Скуластый помедлил и встал:
- Как будет угодно светлому князю.
*
"...была подобна рыси - столь же необуздана, дика и непокорна. И рвалась она из рук надсмотрщиков и заботливых соглядатаев, и не принимала пищи, и не желала видеть рядом господина своего похитителя - но на любую рысь найдется клетка, на любую птицу плетется сеть. И проходили дни; и ужас поселился в душе юной пленницы..."
*
Среди ночи она оторвала голову от горячей подушки. Она не спала и секунды; у тлеющего ночника несла вахту красивая бесстрастная женщина, компаньонка и страж в одном лице. Монументальные черты и полная неподвижность делали ее похожей на статую, и только пальцы, сновавшие над рукоделием, разрушали столь зловещее впечатление.
- Эй...
Женщина не шелохнулась, только большие глаза ее блеснули белками.
- Это ПРАВДА, что про него говорят? Истинно так? И ты тоже?..
- Я люблю господина, - ловкие руки ни на мгновение не прерывали работы. - Я знаю, что умру в его отсутствие. Все мы умрем без него.
Девушка криво усмехнулась:
- Скоро сюда явится Сотка...
Полные губы рукодельницы чуть дрогнули:
- Никому не взять Оскола... Здесь каждый сражается за себя. Здесь никому не нужно помилование...
- Никому не нужна свобода?!
Замок жил ночной жизнью. Далекие скрипы. Приглушенные шаги.
- Зачем свобода руке, если пробито сердце... - женщина опустила глаза. Свобода вырванного глаза, отрубленного уха...
- И ты его любишь?!
- Не только я люблю господина, но и господин любит меня... Это просто...
Девушка долго маялась, прежде чем задать следующий вопрос:
- А я... тоже умру? Я теперь... как все вы? Я ЗАВИСИМА от него? Да?!
Рукодельница помедлила. Даже работа в ее руках чуть приостановилась.
- Вы - нет, - сказала она наконец. - Вы еще не успели... привязаться к нему. Привыкнуть. Должно пройти время...
- Три недели?!
- Или меньше.
Тишина. Подрагивал пламенем ночник.
- Если я сейчас убегу, - сказала девушка почти спокойно, - у меня есть шанс...

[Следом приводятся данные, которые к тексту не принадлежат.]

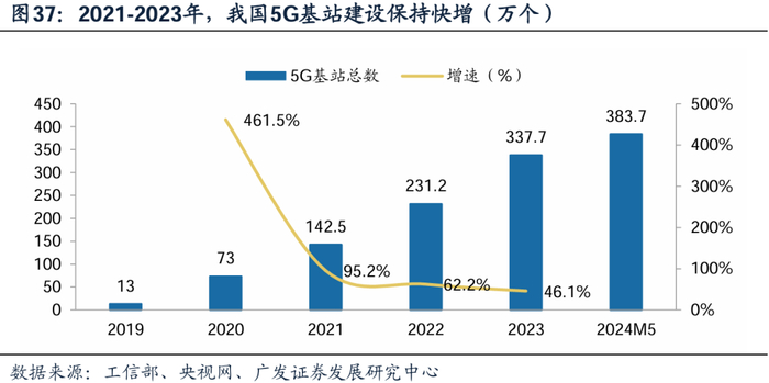 通信升级需求叠加政策规划带动5G基站覆盖提速。根据《“十四五”信息通信行业发展规划》,“十四五”时期力争建成全球规模最大的5G独立组网网络,力争每万人拥有5G基站数达到26个,实现城市和乡镇全面覆盖、行政村基本覆盖、重点应用场景深度覆盖,其中行政村5G通达率预计达到80%。根据通信产业网,2022-2023年,5G开支总额分别为1580亿元和1415亿元,分别占当年资本开支总额44.9%和39.4%。

Рукодельница улыбнулась уже откровенно:
- Вам не убежать. Это Оскол.
- Мой отец озолотит тебя...
- К чему мне золото, если я не могу жить без Яра? Я не предам его. А упущу по недосмотру - он посадит меня в подвал, и я не увижу его долго, долго... Нет. Я буду внимательна.
- Если Сотка возьмет замок...
- Он не возьмет. И знайте, княжна... Ви говорили с Яром достаточно, чтобы назавтра ощутить его отсутствие. Не знаю, сколь сильна ваша воля - случалось, уже после нескольких дней люди не могли противиться... ТЯГЕ. Предпочитали скорее сдаться, чем терпеть.
- Я предпочту умереть, - сказала девушка сквозь зубы.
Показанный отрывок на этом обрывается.